La redistribución de las tierras era necesaria, así como un proceso de apoderamiento de las clases sociales menos favorecidas y las etnias negras olvidadas durante siglos.
Pero poco saben las vísceras de la prudencia. Durante años el discurso que salió del hígado era amargo, escandalizado y lleno de odio. Su voz hizo eco en los hígados del resto del país; las reformas se estigmatizaron con un aura de venganza, de reivindicaciones necesarias para el orgullo.
La emotividad hizo que las posiciones se radicalicen. Tan fuerte fue el discurso del hígado, que la gente llevó a cabo las reformas sin considerar cánones básicos de justicia, sin aplicar bien la ley y sin nociones buena economía. Se expropiaron las tierras con violencia bárbara sobre los antiguos propietarios. La reforma ‘Fast-track’ se aplicó de forma tan atolondrada que no se puso suficiente atención para evitar que la corrupción se inmiscuya. La tierra se ferió sin considerar si los nuevos propietarios tenían conocimientos de administración suficientes, sin poner atención a las economías de escala que hacían de los productos zimbabuenses competitivos, etc.
Los resultados fueron catastróficos, Zimbabue era en el 2001 el sexto productor mundial de tabaco; ahora su producción se redujo en dos tercios. El país antes apodado la “canasta de pan” del sur africano, ahora atraviesa una hambruna, en donde el 45% de la población sufre malnutrición.
Como los hígados no consideran errores, ni atienden a los argumentos de los demás, el Gobierno se fue contra uno de los blancos favoritos de las vísceras, la prensa.

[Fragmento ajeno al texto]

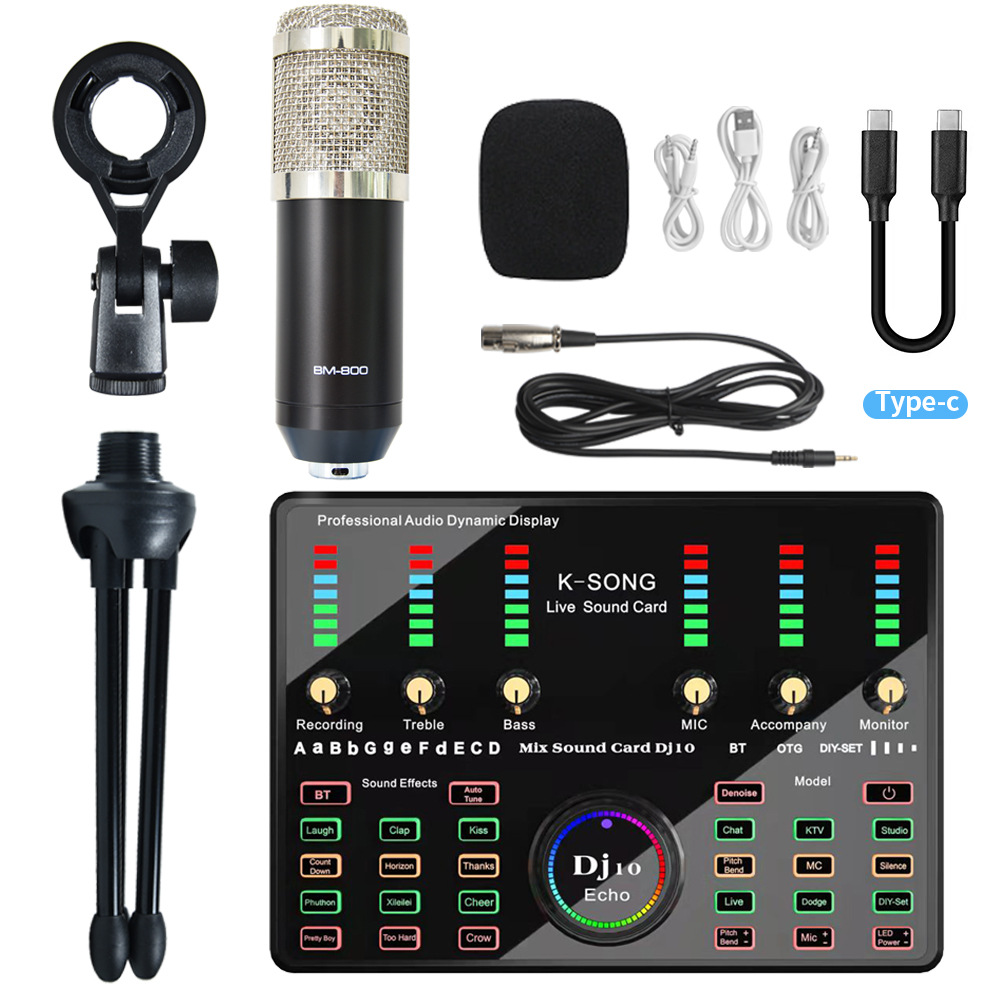 • 블랙 실버 BM800 + Dj10 사운드 카드 + 삼각대 마이크 브래킷 + Type-C 라인 표준 도매
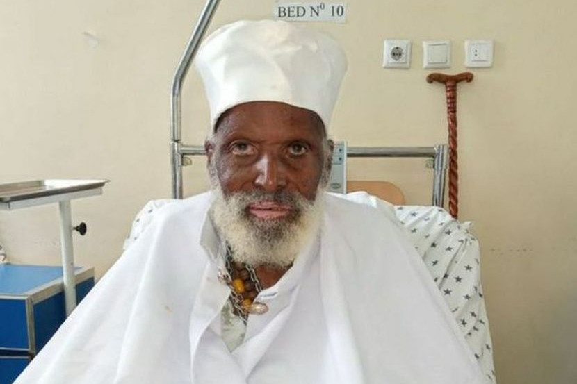Aba Tilahun yang merupakan biarawan Kristian Ortodoks Ethiopia, kini dijaga di rumah oleh cucunya.
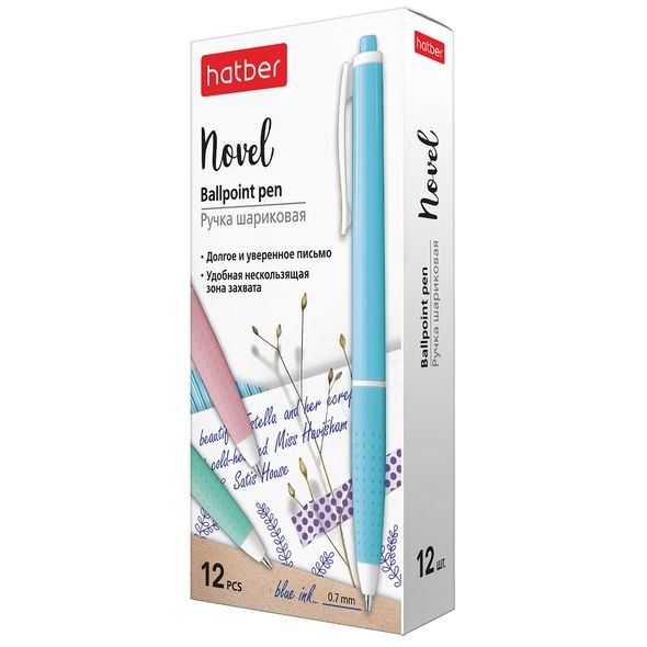 Автоматическая ручка Novel в корпусе пастельных цветов и мягким резиновым грипом для удобства письма. Длина стержня 10,7 см, стержень с ушками, чернила синие на масляной основе.

Se desmanteló la prensa interna y se expulsó a los medios extranjeros. Al punto en donde hoy es casi imposible determinar la amplitud de la crisis.
Moraleja: los hígados son pésimos gobernantes, puesto que el motor de los proyectos gubernamentales se vuelven las emociones de reivindicación, más que los resultados a futuro.
¿Suena familiar esta forma de gobierno visceral? No me refiero a algunos países caribeños en donde los hígados han tenido un peculiar acceso al Gobierno. Más cerca, cerquita; apuesto que en su mente la imagen del hígado en cuestión ya está evocada.